Starting with the design, all you need to do is take a look at the three levels in which Zelda Tears of the Kingdom moves to see how its gameplay has evolved; going through Breath of the Wild and the design of its open world; or Wind Waker and its wonderful visual aesthetic… and I could go on.
But I already said it in the text of the original analysis: “There are few games that reach the category of masterpiece. This is, without a doubt, one of them: “The Legend Of Zelda: Ocarina Of Time” is one of the most beautiful, complex, long, exciting and fun never experienced on a console.
And I still think the same thing. The reason why for me Ocarina of Time is still the best Zelda is very simple: “it’s the only one that keeps doing everything right”. And when I say “everything”, I am talking about the work as a whole, as the sum of each and every one of its parts.
Other deliveries have excelled in very specific aspects (freedom, combat, duration, motion controls…) but without putting the rest of its facets on the same level.

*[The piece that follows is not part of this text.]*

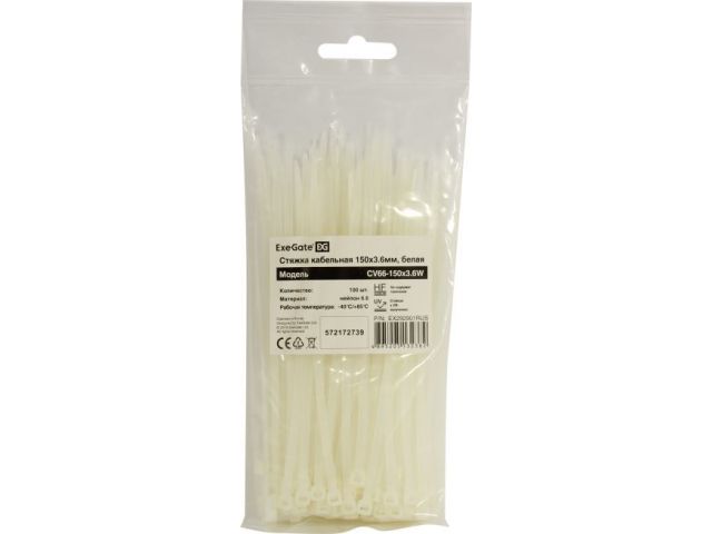 Exegate CV66-150x3.6W Стяжка нейлоновая, неоткрыв. белая, 150мм, уп-ка 100 шт EX292901RUS

It is clear that it is something purely subjective, but in my opinion, everything in Ocarina of Time is taken care of and that is why, like Super Mario Bros., the years can already pass. When you return to it you don’t feel like a game is out of date, or that it has aged poorly.. You can test it by playing it on Nintendo Switch Online.
Thus, the narrative, although simple in Ocarina of Time, seems to me more effective and better resolved than the memories of the past of the last two installments, or the duller stories of Skyward Sword or less inspired ones like that of Twilight Princess. I insist, it is a matter of taste, I am not saying that they are bad games.
And what about the dungeons? Well then Ocarina of Time’s dungeons were among the last “memorable” onesone of those that the years go by and you continue to remember (something that doesn’t happen to me, for example, with the divine beasts of Breath of the Wild, which were the weakest in the game).
Shall we continue for the bosses? No subsequent delivery has managed to come close to the quality that the final bosses of Ocarina of Time exude.. And I’m just going to give one example: the gentleman in the painting. The Zelda series has never seen a boss as original, or imaginative, as that moment. And I could give more examples.
Or come on, let’s change the subject. What can you tell me about the soundtrack? The latest games have had bits and pieces of quality, but not a set of compositions as round in its entirety, as forceful, effective and remembered as that of Ocarina of Time, although many themes were based on previous installments. There is no equal soundtrack in the saga.
Puzzles, secrets (like the remembered magnifying glass of truth), variety of situations (really stealth zones to sneak into Hyrule Castle?)… I don’t know, The more I think about it, the clearer I see that the greatness of Ocarina of Time as a whole, and even more so if we take into account the technical limitations of the time, has not been surpassed.
Some will say that I should jump into the river, that if I am already delirious… it may be because they did not play it at the time, and now seen without the perspective of time, it is easy to underestimate their achievements, which were not few.
It may also be that I fell in love with the game in 1998, and that as happens with “first loves” in real life, its effect has left a mark on me that is too deep and unalterable over time. Be that as it may, congratulations, my dear Ocarina of Time. So another 25 years pass.